Rain, cold slow Ahoskie project

Published 10:35 am Thursday, January 7, 2010

AHOSKIE – One year and nearly 18 million dollars from now, the Town of Ahoskie is scheduled to have its new wastewater treatment plant on line.

From the looks of things on a cold January morning here Tuesday, the construction process is well underway.

T.A. Loving of Goldsboro, serving as the general contractor for the $17.87 million project, along with numerous sub-contractors are assembled on the construction site located at the town’s current wastewater facility off Johnny Mitchell Road.

To date, the biggest headache facing the workers isn’t the huge scope of the overall project, but rather the weather. More recently, the problem has been the Arctic-type weather. Prior to the arrival of the current cold snap, an extremely wet finish to 2009 placed the workers in a muddy mess.

“They’ve had to dig up the mud and replace it with fresh dirt just to have some solid footing to work on,” said Ahoskie’s Wastewater Treatment Plant Superintendent Stewart White. “Despite all the rain, and now the cold weather, they’ve been working each and every day.”

The wet ground is the result of 13-plus inches of rain over the final two months of 2009 (November: 6.93” and December: 6.56”). That was on top of a combined 13.86 inches of rain that fell during the months of July through October. Rainfall amounts are recorded daily at the Ahoskie wastewater plant.
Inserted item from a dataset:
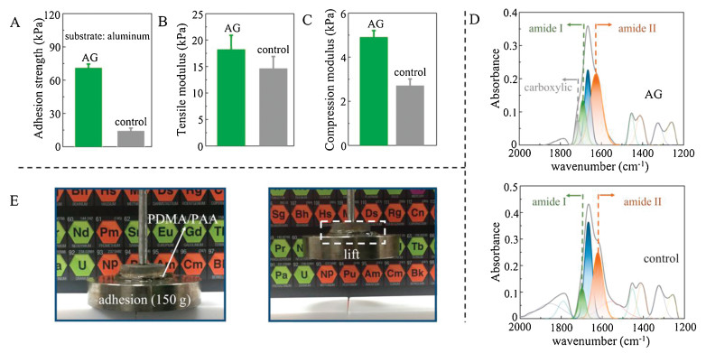 | Fig. 4. Enhancement of AG mechanical properties and cohesion strength with addition of PAA. (A) Adhesion strength, (B) tensile and (C) compression modules of AG (with PAA) and control (without PAA). Error bars show standard deviation; sample size n = 4 for modulus calculate and sample size n = 6 for adhesion strength. (D) ATR-FTIR spectra of AG (with PAA, top) and control (without PAA, bottom). (E) Photos of PDMA/PAA which can sustain a 150 g iron block. | |
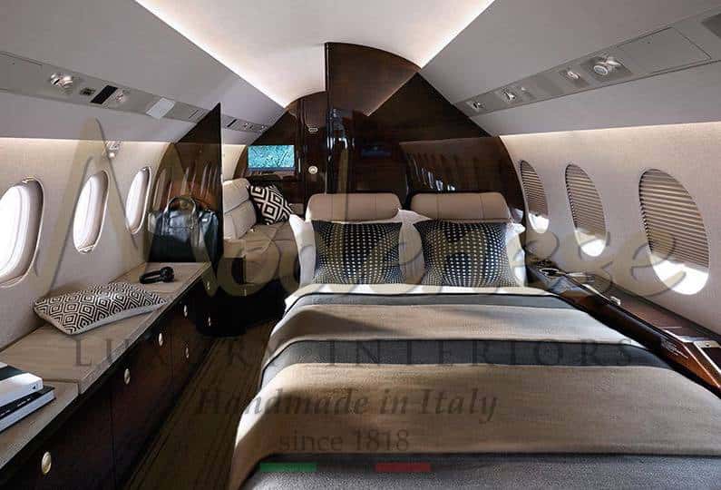 Enjoy the real comfort of Modenese private jets interiors: exclusive reclining armchairs, luxurious decorations, functional bespoke accessories for a pleasant flight. Best quality and design service for your private jet in traditional Italian style: all the elements are always studied in detail to guarantee the most exclusive journey on board of an elegant made in Italy designed jet interior project.

“Right now we’re about two weeks behind the original construction plan,” said Project Superintendent Alan Pennington of T.A. Loving. “Those delays are weather related due to the rain and the cold snap. When the weather breaks and we get rolling you can bet that we’ll go just as hard as we can go to get back on schedule.”

Construction officially began in August. Pennington said approximately 30 workers are currently at the construction site. That number is expected to grow to 50.

To date, workers have poured nearly 2,000 yards of concrete that provide the foundation for the various elements of the project. All totaled, the project calls for 6,500 yards of concrete.

Some of that concrete is now coated with ice. The recent cold snap has left some of the exterior of a 300,000 gallon reclaim water tank taking on the appearance of a frozen statue. That came after the water from a sprinkler used to help cure the tank’s concrete turned to ice.

Once in operation, the reclaim tank will hold treated wastewater that can be reused for irrigation or industrial use.

That’s just part of the new plant, one referred to as a “B&R” operation – Biological Nutrient Removal System.

White explained that the oxidation ditches are circular basins through which the wastewater flows. Activated sludge is added to the oxidation ditch so that the microorganisms will digest the human waste in the water. Once that element is removed, the solution flows out of the ditches to a clarifier that removes the sludge, thus making the treated wastewater good for industrial or irrigational re-use. Two clarifiers are being constructed at the new plant.

In combination with the current wastewater sprayfields located on the property, the new plant will nearly double Ahoskie’s wastewater capacity as it will handle 1.6 million gallons per day (up from 901,000 gallons).

Town officials have also secured a permit from the North Carolina Division of Water Quality (DWQ) to discharge a limited amount of treated wastewater into the Ahoskie Creek. Those lines have already been installed, running from the plant east on Johnny Mitchell Road and then turning alongside the railroad track to the creek.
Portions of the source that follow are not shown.